Why is this fourth role so critical? Because data products face a risk profile fundamentally different from traditional software.

In his classic work on product risk, Marty Cagan of Silicon Valley Product Group discusses the "Four Big Risks" that all product teams must address:

  1. Value risk: Will customers buy it or users choose to use it?
  2. Usability risk: Can users figure out how to use it?
  3. Feasibility risk: Can our engineers build what we need with the time, skills, and technology we have?
  4. Business viability risk: Does this solution work for the various aspects of our business?

For traditional products, the Product Trio maps cleanly to these risks:

  • The Product Manager addresses value and business viability risks
  • The Designer handles usability risk
  • The Tech Lead tackles feasibility risk

But data products introduce a fifth critical risk:

5. Ethical Data Risk

This encompasses:

  • Accountability for algorithmic decisions
  • Representativeness of data
  • Fairness across populations
  • Transparency and explainability
  • Data privacy and governance
  • Long-term impact and unintended consequences

This fifth risk doesn't map neatly to the traditional trio. While product managers might understand the business implications, designers might consider the user experience impact, and engineers might recognize some technical limitations, none are typically equipped to fully own this critical risk dimension.

That's where the Data Lead becomes essential.

Who thought about the pipeline?

Technical Feasibility Risk (Reimagined)

Even the nature of feasibility risk is different for data products:

In traditional software development, technical feasibility usually centers on engineering challenges: Can we build this feature? How much will it cost? How long will it take?

For data products, feasibility questions are more complex:

  • Do we have enough high-quality data to train this model?
  • Can we get acceptable accuracy across all key demographics?
  • Is real-time prediction possible given our infrastructure?
  • How do we handle data drift over time?

These questions require deep expertise in data science, data engineering, and the specific domain's data landscape. A traditional Tech Lead, while brilliant in software engineering, often lacks this specialized knowledge.

Ethical Risk (Expanded)

The ethical dimension permeates data products, especially those using AI/ML:

  • Are we accidentally encoding bias in our algorithms?
  • Are our recommendations creating harmful incentives?
  • Do our visualizations inadvertently mislead users?
  • Are we properly protecting sensitive data while still deriving value?
  • Can we explain how our model makes decisions?
  • Do we have proper measures to monitor, detect, and mitigate failures?

These aren't just hypothetical concerns—they're existential risks for data products. One ethical misstep can destroy trust permanently.

As the quote at the beginning reminds us: growth compounds slowly, but destruction can happen in an instant. For data products, that destruction often stems from ethical oversights that a traditional product team might miss.

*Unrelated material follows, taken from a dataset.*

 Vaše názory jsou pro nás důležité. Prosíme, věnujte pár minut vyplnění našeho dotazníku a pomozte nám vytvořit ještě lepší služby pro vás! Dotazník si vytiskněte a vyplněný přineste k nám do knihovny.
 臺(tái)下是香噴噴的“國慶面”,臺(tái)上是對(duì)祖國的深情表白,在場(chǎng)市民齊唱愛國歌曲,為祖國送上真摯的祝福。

Market Profiler: The Squad in Action

Returning to our Market Profiler example, adding a Data Lead transformed our approach in several crucial ways:

First, our Data Lead immediately identified critical limitations in our demographic data sources. Rural zip codes had significantly less reliable commercial data than urban ones, creating a blind spot that could lead healthcare clients to underinvest in underserved communities. We hadn't fully recognized this issue in our one-off project, but scaling it as a product would have magnified the problem.

Second, he challenged our machine learning approach for predicting service-line growth opportunities. Our initial model used classic propensity scoring, but she demonstrated how this could inadvertently prioritize wealthy, well-insured patients over those with greater needs. We pivoted to a more balanced methodology that considered both commercial opportunity and community health impact.

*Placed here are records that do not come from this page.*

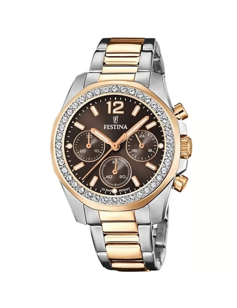 Značka Festina se pyšní více než stoletou tradicí na světovém trhu, která začíná roku 1902 v jedné švýcarské hodinářské manufaktuře v městečku La Chaux de Fonds. Věnovala se výrobě mechanických hodinek a to do roku 1984, kdy značku převzal Miguel Rodriquez a začal i se stojky quartzovými. Nyní je značka Festina součástí skupiny Festina Group se sídlem v Barceloně a s výrobními centry ve Švýcarsku, Španělsku a Asii. Své hodinky dodává do hodinářství po celém světě. Do povědomí zákazníků se zapsala především modelovou řadou Tour de France. Festina Vám však může nabídnout celé spektrum dámských i pánských modelů od sportovních, jako je řada Tour de France, tak i elegantní kolekce jako je Mademoiselle. Hodinky značky FESTINA nikdy nezaměníte s jinou značkou. Jsou originální, nápadité a budou zároveň i dokonalým šperkem. Švýcarská značka hodinek FESTINA vyniká svým moderním designem a prvotřídní kvalitou. A to všechno za velice příznivou cenu.
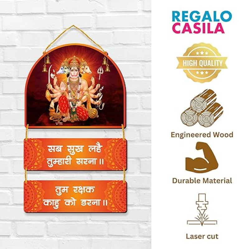Regalocasila Positive Quotes Wall Hanging Hanuman Ji Mantra Printed Wooden 2 Titles Wall Art Decor for Home Decoration With Adjustable Rope Decorative Item for Pooja & Temple Room-Design- 4
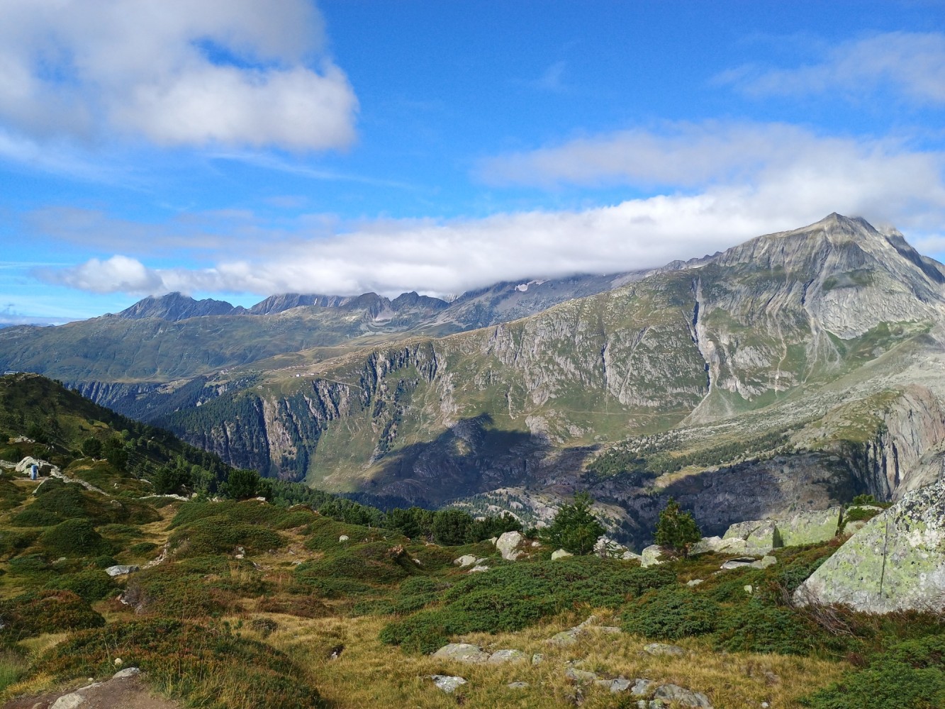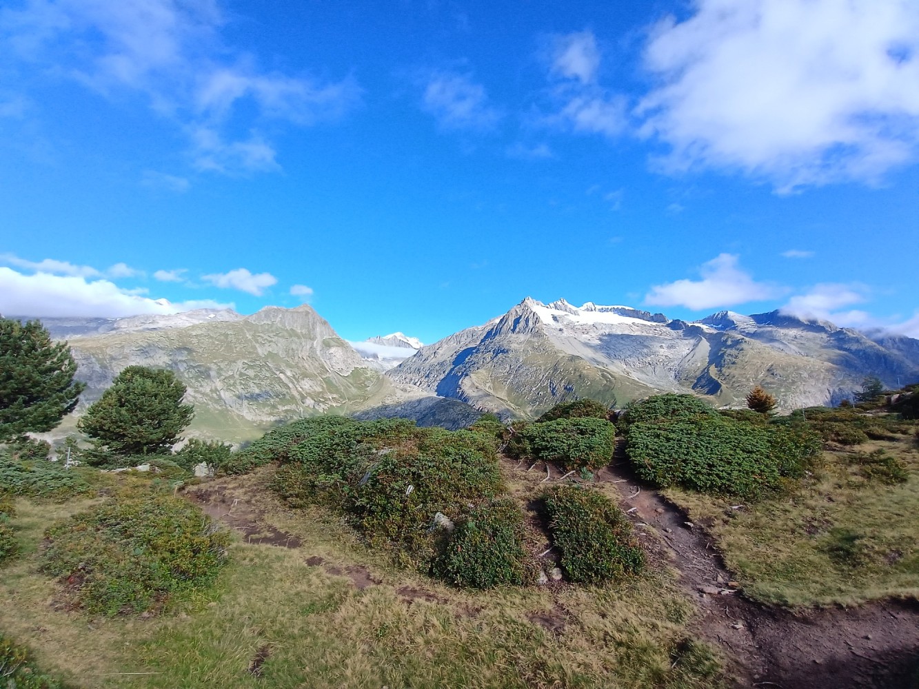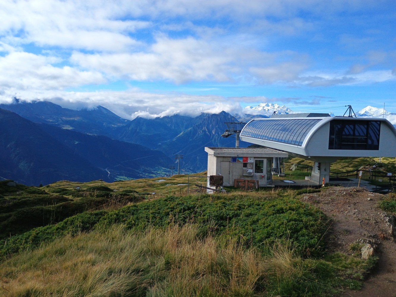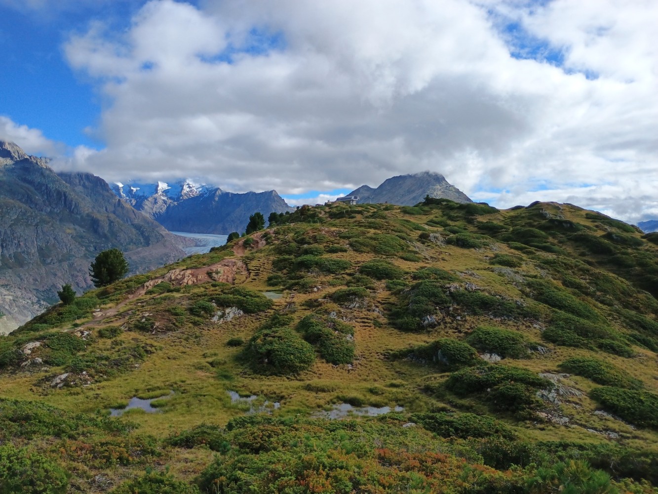 Changed plan! It was finally beautiful weather so I decided to do a hike with a view. Still a bit tired from yesterday's hike in the rain, I did this one with quite a bit of elevation gain. While still cloudy, there were breakthrough moments with spectacular long range views of the southern alps including the Matterhorn. This hike ends at the starting point of the Aletschglacier hike I did with Alex and Claudia in 2021.
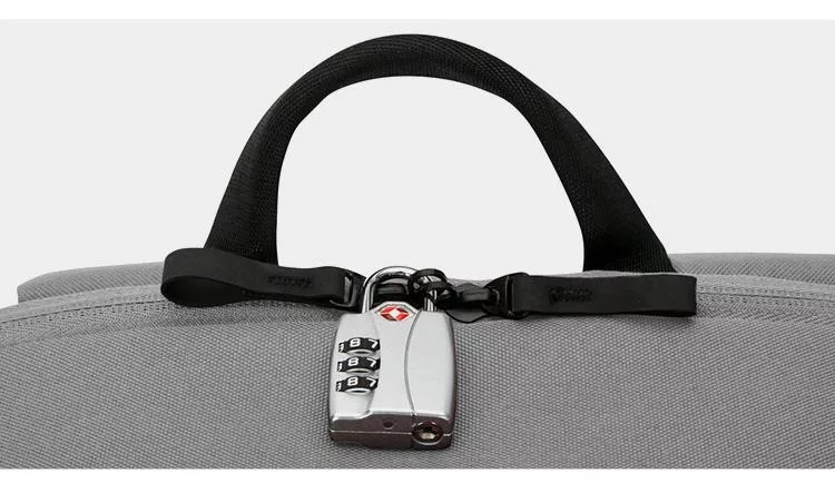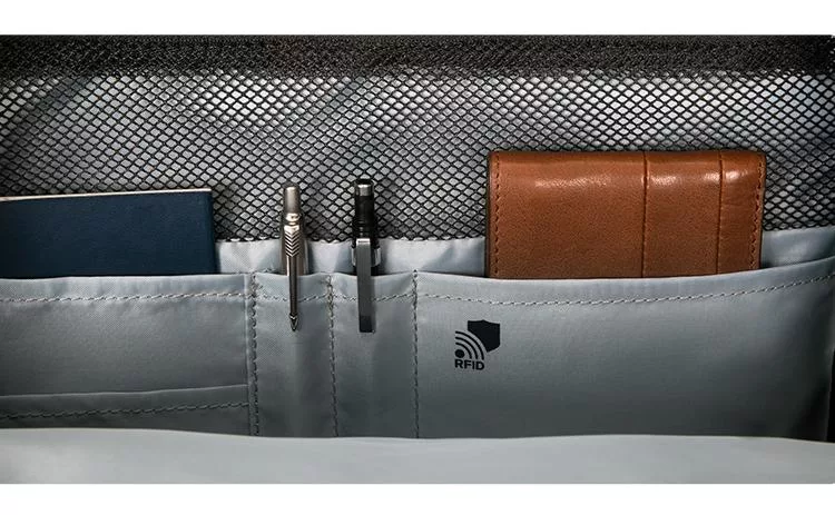 帶襯墊的筆記型電腦隔層,採用安全可鎖拉鍊 ( 可另購旅行密碼鎖 ) ,方便取用。寬敞的主隔層,內部設有一個方便的文具收納層,可將必備的筆、筆記本和卡片等都依序放入,配有 RFID 防盜口袋,適合放置護照、錢包的好地方,以防個資盜取,盡情享受旅行。

Finally, he designed a data governance framework that allowed us to provide competitive intelligence without crossing ethical boundaries around protected health information. This included specialized aggregation techniques that prevented reverse-engineering of sensitive metrics.

The result? Market Profiler evolved from an interesting analytics project into a responsible, ethical data product that hospitals could confidently use for strategic planning. Within a year, we had signed contracts with a half dozen health systems—far exceeding our original projections.

The NeuroBlu Experience

At Holmusk, I witnessed a similar pattern with our flagship product, NeuroBlu Analytics. When I joined, the team was structured around the traditional Product Trio model, with data scientists consulted as needed but not integrated into core decision-making.

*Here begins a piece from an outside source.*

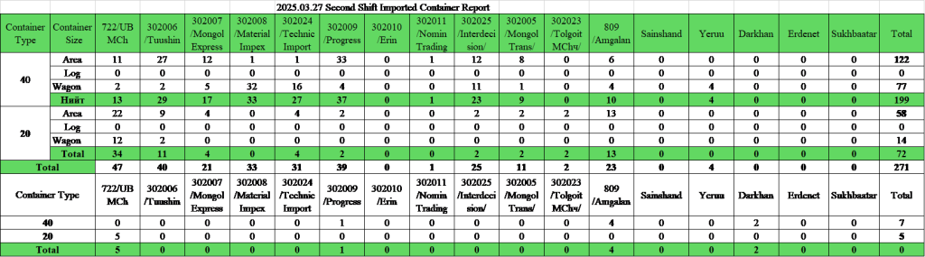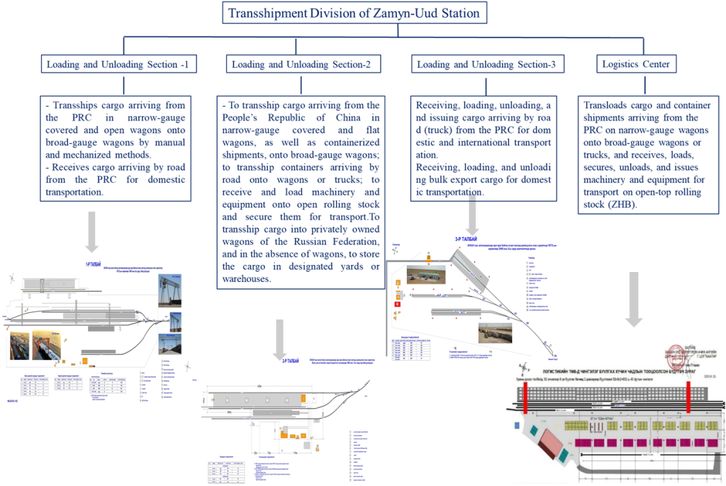 Within the Transshipment Division, Yards 1, 2, and 3 handle operations such as transferring cargo from narrow-gauge covered or flat wagons and container shipments onto broad-gauge wagons; transferring containers arriving by truck onto wagons or trucks; receiving and loading technical equipment and machinery onto open rolling stock; securing, unloading, issuing, and storing cargo; preparing transport and accompanying documents; handling financial issues; reporting; and overall organization of these operations (Technological Regulations of Zamyn-Uud Station, 2025).
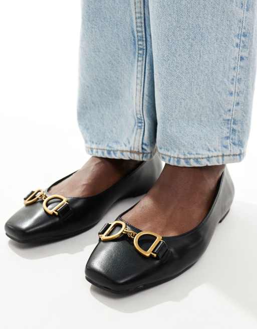 ASOS DESIGN Wide Fit Leighton square toe ballet flats in black ASOS Very well made.

Early versions of the product faced challenges:

  • Data models were technically sound but difficult for non-technical healthcare researchers to use
  • Visualizations were beautiful but sometimes misrepresented statistical significance
  • The platform excelled at showing correlations but offered little guidance on causation risks

As we evolved toward a Squad approach, with a dedicated Data Lead as a core team member, these issues began to resolve. The Data Lead became our ethical compass, constantly asking questions like:

  • Are we providing enough context for these findings?
  • Could this visualization lead researchers to draw inappropriate conclusions?
  • Are we properly communicating the limitations of real-world evidence?

This shift accelerated our platform's adoption among life science companies—groups that need a ton of support to over come general skepticism of our commercial real-world evidence approach. They recognized and respected the ethical rigor our Data Lead brought to the product.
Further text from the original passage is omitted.